◆ Problem: Having read the data, transcribe all of it without deviation.

◆ Data extracted from a collection:
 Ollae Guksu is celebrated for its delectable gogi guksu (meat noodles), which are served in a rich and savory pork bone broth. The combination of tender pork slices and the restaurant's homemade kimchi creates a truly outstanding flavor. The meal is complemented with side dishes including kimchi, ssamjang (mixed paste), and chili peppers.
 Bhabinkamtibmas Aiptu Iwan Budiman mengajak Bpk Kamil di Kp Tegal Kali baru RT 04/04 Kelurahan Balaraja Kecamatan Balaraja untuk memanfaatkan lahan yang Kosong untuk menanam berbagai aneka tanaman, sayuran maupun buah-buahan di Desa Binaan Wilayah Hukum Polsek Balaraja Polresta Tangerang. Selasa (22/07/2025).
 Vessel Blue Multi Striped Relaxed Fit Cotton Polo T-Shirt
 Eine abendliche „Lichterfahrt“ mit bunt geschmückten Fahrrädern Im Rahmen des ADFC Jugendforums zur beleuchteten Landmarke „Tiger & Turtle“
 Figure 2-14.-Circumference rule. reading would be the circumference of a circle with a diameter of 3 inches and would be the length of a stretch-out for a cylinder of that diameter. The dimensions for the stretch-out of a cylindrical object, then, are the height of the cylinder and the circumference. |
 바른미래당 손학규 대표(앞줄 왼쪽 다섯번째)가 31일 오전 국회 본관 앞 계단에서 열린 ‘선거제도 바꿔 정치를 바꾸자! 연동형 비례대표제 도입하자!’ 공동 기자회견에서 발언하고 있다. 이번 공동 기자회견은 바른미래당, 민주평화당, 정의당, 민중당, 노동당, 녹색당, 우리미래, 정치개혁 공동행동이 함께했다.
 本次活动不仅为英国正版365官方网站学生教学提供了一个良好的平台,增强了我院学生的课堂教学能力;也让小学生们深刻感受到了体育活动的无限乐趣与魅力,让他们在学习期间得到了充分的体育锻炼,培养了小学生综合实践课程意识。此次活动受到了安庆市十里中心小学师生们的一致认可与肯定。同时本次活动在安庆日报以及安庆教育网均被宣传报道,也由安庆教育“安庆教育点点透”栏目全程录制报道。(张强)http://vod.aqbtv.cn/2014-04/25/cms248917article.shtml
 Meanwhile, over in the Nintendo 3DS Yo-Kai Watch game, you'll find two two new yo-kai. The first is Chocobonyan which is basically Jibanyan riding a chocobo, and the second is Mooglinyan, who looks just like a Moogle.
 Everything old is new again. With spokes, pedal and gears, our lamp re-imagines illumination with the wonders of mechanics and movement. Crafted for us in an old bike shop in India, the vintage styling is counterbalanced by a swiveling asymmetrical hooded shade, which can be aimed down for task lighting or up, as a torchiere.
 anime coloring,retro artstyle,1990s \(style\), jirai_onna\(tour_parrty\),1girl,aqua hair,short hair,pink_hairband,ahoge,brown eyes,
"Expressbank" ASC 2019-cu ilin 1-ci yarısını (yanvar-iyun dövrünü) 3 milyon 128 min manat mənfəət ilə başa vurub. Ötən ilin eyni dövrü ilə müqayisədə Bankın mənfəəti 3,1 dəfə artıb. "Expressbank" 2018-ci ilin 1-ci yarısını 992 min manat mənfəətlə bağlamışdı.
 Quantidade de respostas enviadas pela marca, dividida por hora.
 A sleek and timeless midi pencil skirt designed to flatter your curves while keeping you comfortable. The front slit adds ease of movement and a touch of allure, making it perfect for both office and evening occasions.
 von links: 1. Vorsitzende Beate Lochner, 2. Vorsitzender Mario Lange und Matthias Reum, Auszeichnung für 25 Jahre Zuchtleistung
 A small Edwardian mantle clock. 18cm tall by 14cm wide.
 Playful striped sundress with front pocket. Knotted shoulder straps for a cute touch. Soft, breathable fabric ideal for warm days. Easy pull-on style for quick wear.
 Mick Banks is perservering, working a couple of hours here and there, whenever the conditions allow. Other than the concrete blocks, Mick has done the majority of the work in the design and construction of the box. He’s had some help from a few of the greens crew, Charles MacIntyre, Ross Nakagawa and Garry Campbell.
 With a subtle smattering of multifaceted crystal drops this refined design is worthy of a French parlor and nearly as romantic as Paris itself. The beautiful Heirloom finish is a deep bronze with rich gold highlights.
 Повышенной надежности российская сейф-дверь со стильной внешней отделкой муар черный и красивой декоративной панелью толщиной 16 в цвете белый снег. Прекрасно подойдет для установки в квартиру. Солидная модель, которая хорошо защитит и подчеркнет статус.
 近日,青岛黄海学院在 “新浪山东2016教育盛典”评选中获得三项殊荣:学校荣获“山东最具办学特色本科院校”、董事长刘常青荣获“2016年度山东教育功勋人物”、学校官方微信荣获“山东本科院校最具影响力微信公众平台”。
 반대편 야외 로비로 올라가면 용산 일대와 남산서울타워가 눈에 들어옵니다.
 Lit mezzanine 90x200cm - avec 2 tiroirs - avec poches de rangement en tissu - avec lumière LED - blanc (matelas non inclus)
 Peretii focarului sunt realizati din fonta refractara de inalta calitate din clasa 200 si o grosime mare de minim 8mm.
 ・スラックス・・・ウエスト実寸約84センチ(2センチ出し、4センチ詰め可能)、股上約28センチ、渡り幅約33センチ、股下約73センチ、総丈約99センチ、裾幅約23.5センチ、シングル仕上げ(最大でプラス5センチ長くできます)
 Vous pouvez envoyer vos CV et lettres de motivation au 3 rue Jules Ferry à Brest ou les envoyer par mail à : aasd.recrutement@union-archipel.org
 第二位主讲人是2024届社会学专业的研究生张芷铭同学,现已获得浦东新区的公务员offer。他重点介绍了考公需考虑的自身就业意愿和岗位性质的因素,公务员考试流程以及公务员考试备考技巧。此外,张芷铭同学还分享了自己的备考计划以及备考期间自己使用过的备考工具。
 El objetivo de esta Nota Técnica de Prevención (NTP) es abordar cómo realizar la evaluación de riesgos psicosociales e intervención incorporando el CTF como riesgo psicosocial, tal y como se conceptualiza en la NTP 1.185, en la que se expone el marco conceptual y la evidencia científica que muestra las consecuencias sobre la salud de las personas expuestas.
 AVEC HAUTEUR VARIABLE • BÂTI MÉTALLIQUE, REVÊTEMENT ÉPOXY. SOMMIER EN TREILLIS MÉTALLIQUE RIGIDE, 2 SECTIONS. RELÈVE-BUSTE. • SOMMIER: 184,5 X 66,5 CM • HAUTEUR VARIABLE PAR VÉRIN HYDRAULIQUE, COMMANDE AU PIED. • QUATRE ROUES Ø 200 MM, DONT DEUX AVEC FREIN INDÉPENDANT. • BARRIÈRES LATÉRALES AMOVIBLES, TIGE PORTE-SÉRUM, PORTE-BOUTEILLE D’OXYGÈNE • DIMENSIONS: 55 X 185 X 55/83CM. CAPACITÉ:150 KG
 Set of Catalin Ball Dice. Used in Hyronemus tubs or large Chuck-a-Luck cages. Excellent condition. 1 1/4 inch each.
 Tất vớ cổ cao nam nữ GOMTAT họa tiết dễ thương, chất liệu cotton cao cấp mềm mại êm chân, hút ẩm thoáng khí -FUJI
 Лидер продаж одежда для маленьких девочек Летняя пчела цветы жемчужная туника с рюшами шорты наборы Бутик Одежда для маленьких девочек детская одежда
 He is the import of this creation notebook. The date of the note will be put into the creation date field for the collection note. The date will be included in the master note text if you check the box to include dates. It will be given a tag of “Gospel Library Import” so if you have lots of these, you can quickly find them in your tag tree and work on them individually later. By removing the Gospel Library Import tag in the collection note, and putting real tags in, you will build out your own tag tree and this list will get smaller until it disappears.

◆ Expected answer:
 Ollae Guksu is celebrated for its delectable gogi guksu (meat noodles), which are served in a rich and savory pork bone broth. The combination of tender pork slices and the restaurant's homemade kimchi creates a truly outstanding flavor. The meal is complemented with side dishes including kimchi, ssamjang (mixed paste), and chili peppers.
 Bhabinkamtibmas Aiptu Iwan Budiman mengajak Bpk Kamil di Kp Tegal Kali baru RT 04/04 Kelurahan Balaraja Kecamatan Balaraja untuk memanfaatkan lahan yang Kosong untuk menanam berbagai aneka tanaman, sayuran maupun buah-buahan di Desa Binaan Wilayah Hukum Polsek Balaraja Polresta Tangerang. Selasa (22/07/2025).
 Vessel Blue Multi Striped Relaxed Fit Cotton Polo T-Shirt
 Eine abendliche „Lichterfahrt“ mit bunt geschmückten Fahrrädern Im Rahmen des ADFC Jugendforums zur beleuchteten Landmarke „Tiger & Turtle“
 Figure 2-14.-Circumference rule. reading would be the circumference of a circle with a diameter of 3 inches and would be the length of a stretch-out for a cylinder of that diameter. The dimensions for the stretch-out of a cylindrical object, then, are the height of the cylinder and the circumference. |
 바른미래당 손학규 대표(앞줄 왼쪽 다섯번째)가 31일 오전 국회 본관 앞 계단에서 열린 ‘선거제도 바꿔 정치를 바꾸자! 연동형 비례대표제 도입하자!’ 공동 기자회견에서 발언하고 있다. 이번 공동 기자회견은 바른미래당, 민주평화당, 정의당, 민중당, 노동당, 녹색당, 우리미래, 정치개혁 공동행동이 함께했다.
 本次活动不仅为英国正版365官方网站学生教学提供了一个良好的平台,增强了我院学生的课堂教学能力;也让小学生们深刻感受到了体育活动的无限乐趣与魅力,让他们在学习期间得到了充分的体育锻炼,培养了小学生综合实践课程意识。此次活动受到了安庆市十里中心小学师生们的一致认可与肯定。同时本次活动在安庆日报以及安庆教育网均被宣传报道,也由安庆教育“安庆教育点点透”栏目全程录制报道。(张强)http://vod.aqbtv.cn/2014-04/25/cms248917article.shtml
 Meanwhile, over in the Nintendo 3DS Yo-Kai Watch game, you'll find two two new yo-kai. The first is Chocobonyan which is basically Jibanyan riding a chocobo, and the second is Mooglinyan, who looks just like a Moogle.
 Everything old is new again. With spokes, pedal and gears, our lamp re-imagines illumination with the wonders of mechanics and movement. Crafted for us in an old bike shop in India, the vintage styling is counterbalanced by a swiveling asymmetrical hooded shade, which can be aimed down for task lighting or up, as a torchiere.
 anime coloring,retro artstyle,1990s \(style\), jirai_onna\(tour_parrty\),1girl,aqua hair,short hair,pink_hairband,ahoge,brown eyes,
"Expressbank" ASC 2019-cu ilin 1-ci yarısını (yanvar-iyun dövrünü) 3 milyon 128 min manat mənfəət ilə başa vurub. Ötən ilin eyni dövrü ilə müqayisədə Bankın mənfəəti 3,1 dəfə artıb. "Expressbank" 2018-ci ilin 1-ci yarısını 992 min manat mənfəətlə bağlamışdı.
 Quantidade de respostas enviadas pela marca, dividida por hora.
 A sleek and timeless midi pencil skirt designed to flatter your curves while keeping you comfortable. The front slit adds ease of movement and a touch of allure, making it perfect for both office and evening occasions.
 von links: 1. Vorsitzende Beate Lochner, 2. Vorsitzender Mario Lange und Matthias Reum, Auszeichnung für 25 Jahre Zuchtleistung
 A small Edwardian mantle clock. 18cm tall by 14cm wide.
 Playful striped sundress with front pocket. Knotted shoulder straps for a cute touch. Soft, breathable fabric ideal for warm days. Easy pull-on style for quick wear.
 Mick Banks is perservering, working a couple of hours here and there, whenever the conditions allow. Other than the concrete blocks, Mick has done the majority of the work in the design and construction of the box. He’s had some help from a few of the greens crew, Charles MacIntyre, Ross Nakagawa and Garry Campbell.
 With a subtle smattering of multifaceted crystal drops this refined design is worthy of a French parlor and nearly as romantic as Paris itself. The beautiful Heirloom finish is a deep bronze with rich gold highlights.
 Повышенной надежности российская сейф-дверь со стильной внешней отделкой муар черный и красивой декоративной панелью толщиной 16 в цвете белый снег. Прекрасно подойдет для установки в квартиру. Солидная модель, которая хорошо защитит и подчеркнет статус.
 近日,青岛黄海学院在 “新浪山东2016教育盛典”评选中获得三项殊荣:学校荣获“山东最具办学特色本科院校”、董事长刘常青荣获“2016年度山东教育功勋人物”、学校官方微信荣获“山东本科院校最具影响力微信公众平台”。
 반대편 야외 로비로 올라가면 용산 일대와 남산서울타워가 눈에 들어옵니다.
 Lit mezzanine 90x200cm - avec 2 tiroirs - avec poches de rangement en tissu - avec lumière LED - blanc (matelas non inclus)
 Peretii focarului sunt realizati din fonta refractara de inalta calitate din clasa 200 si o grosime mare de minim 8mm.
 ・スラックス・・・ウエスト実寸約84センチ(2センチ出し、4センチ詰め可能)、股上約28センチ、渡り幅約33センチ、股下約73センチ、総丈約99センチ、裾幅約23.5センチ、シングル仕上げ(最大でプラス5センチ長くできます)
 Vous pouvez envoyer vos CV et lettres de motivation au 3 rue Jules Ferry à Brest ou les envoyer par mail à : aasd.recrutement@union-archipel.org
 第二位主讲人是2024届社会学专业的研究生张芷铭同学,现已获得浦东新区的公务员offer。他重点介绍了考公需考虑的自身就业意愿和岗位性质的因素,公务员考试流程以及公务员考试备考技巧。此外,张芷铭同学还分享了自己的备考计划以及备考期间自己使用过的备考工具。
 El objetivo de esta Nota Técnica de Prevención (NTP) es abordar cómo realizar la evaluación de riesgos psicosociales e intervención incorporando el CTF como riesgo psicosocial, tal y como se conceptualiza en la NTP 1.185, en la que se expone el marco conceptual y la evidencia científica que muestra las consecuencias sobre la salud de las personas expuestas.
 AVEC HAUTEUR VARIABLE • BÂTI MÉTALLIQUE, REVÊTEMENT ÉPOXY. SOMMIER EN TREILLIS MÉTALLIQUE RIGIDE, 2 SECTIONS. RELÈVE-BUSTE. • SOMMIER: 184,5 X 66,5 CM • HAUTEUR VARIABLE PAR VÉRIN HYDRAULIQUE, COMMANDE AU PIED. • QUATRE ROUES Ø 200 MM, DONT DEUX AVEC FREIN INDÉPENDANT. • BARRIÈRES LATÉRALES AMOVIBLES, TIGE PORTE-SÉRUM, PORTE-BOUTEILLE D’OXYGÈNE • DIMENSIONS: 55 X 185 X 55/83CM. CAPACITÉ:150 KG
 Set of Catalin Ball Dice. Used in Hyronemus tubs or large Chuck-a-Luck cages. Excellent condition. 1 1/4 inch each.
 Tất vớ cổ cao nam nữ GOMTAT họa tiết dễ thương, chất liệu cotton cao cấp mềm mại êm chân, hút ẩm thoáng khí -FUJI
 Лидер продаж одежда для маленьких девочек Летняя пчела цветы жемчужная туника с рюшами шорты наборы Бутик Одежда для маленьких девочек детская одежда
 He is the import of this creation notebook. The date of the note will be put into the creation date field for the collection note. The date will be included in the master note text if you check the box to include dates. It will be given a tag of “Gospel Library Import” so if you have lots of these, you can quickly find them in your tag tree and work on them individually later. By removing the Gospel Library Import tag in the collection note, and putting real tags in, you will build out your own tag tree and this list will get smaller until it disappears.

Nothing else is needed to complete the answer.